(Data extracted from a collection)
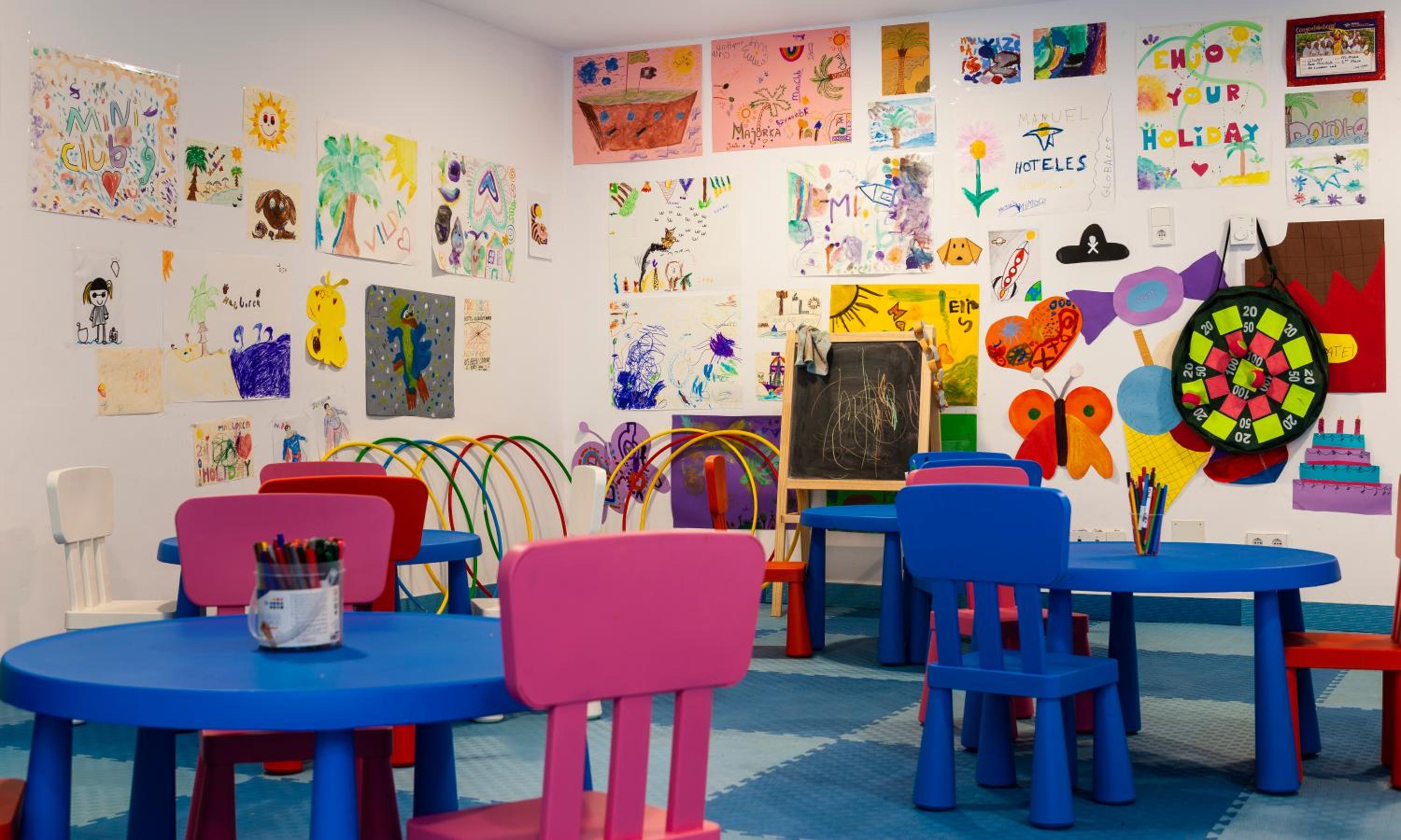 We did see a little room which we think was a indoor kids club but you couldn't see through the glass. There were a few pick up machines hidden away in a corner by the pool and that seemed to be it. Im guessing maybe in summer it would have more to do. I wouldn't take my kids there.
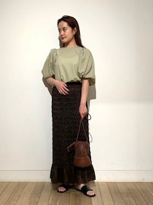 お気に入りのワンピースがセールアイテムになりました!程よい袖のボリュームがお気に入りです。あとポケット付きなのも♩ウッドのヘアゴムが相性抜群です!
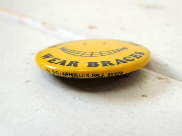 アメリカ西海岸・カリフォルニアで見つけました・・” スマイル・SMILING FACES WEAR BRACES ”ヴィンテージ・イエロー・缶バッジです。
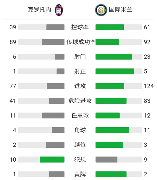第69分钟,国米取得领先,卢卡库做球,刚刚替补登场的埃里克森远射破门,国米1-0克罗托内。
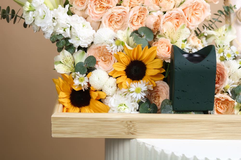 🌸 **تنسيق ورد فاخر طبيعي : ورود بلون المشمش مع زهور بيضاء ودوار الشمس الطبيعيه لأجواء راقية.
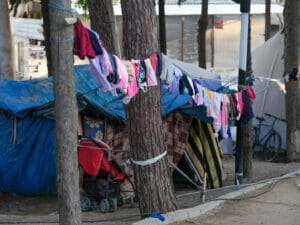 Tent neighbor Nuretin Eskiocak joins in the conversation, describing that he lost a daughter and his grandchildren in the earthquake; his daughter’s children. Before that, the situation wasn’t really good either, but better. Now there is no more perspective.

(Task directions) All lines from the line with "お気に入りのワンピースがセー" through the final line of the data, both included, are to be repeated exactly; no other lines and no pictures.

(Answer section)
 お気に入りのワンピースがセールアイテムになりました!程よい袖のボリュームがお気に入りです。あとポケット付きなのも♩ウッドのヘアゴムが相性抜群です!
 アメリカ西海岸・カリフォルニアで見つけました・・” スマイル・SMILING FACES WEAR BRACES ”ヴィンテージ・イエロー・缶バッジです。
第69分钟,国米取得领先,卢卡库做球,刚刚替补登场的埃里克森远射破门,国米1-0克罗托内。
 🌸 **تنسيق ورد فاخر طبيعي : ورود بلون المشمش مع زهور بيضاء ودوار الشمس الطبيعيه لأجواء راقية.
 Tent neighbor Nuretin Eskiocak joins in the conversation, describing that he lost a daughter and his grandchildren in the earthquake; his daughter’s children. Before that, the situation wasn’t really good either, but better. Now there is no more perspective.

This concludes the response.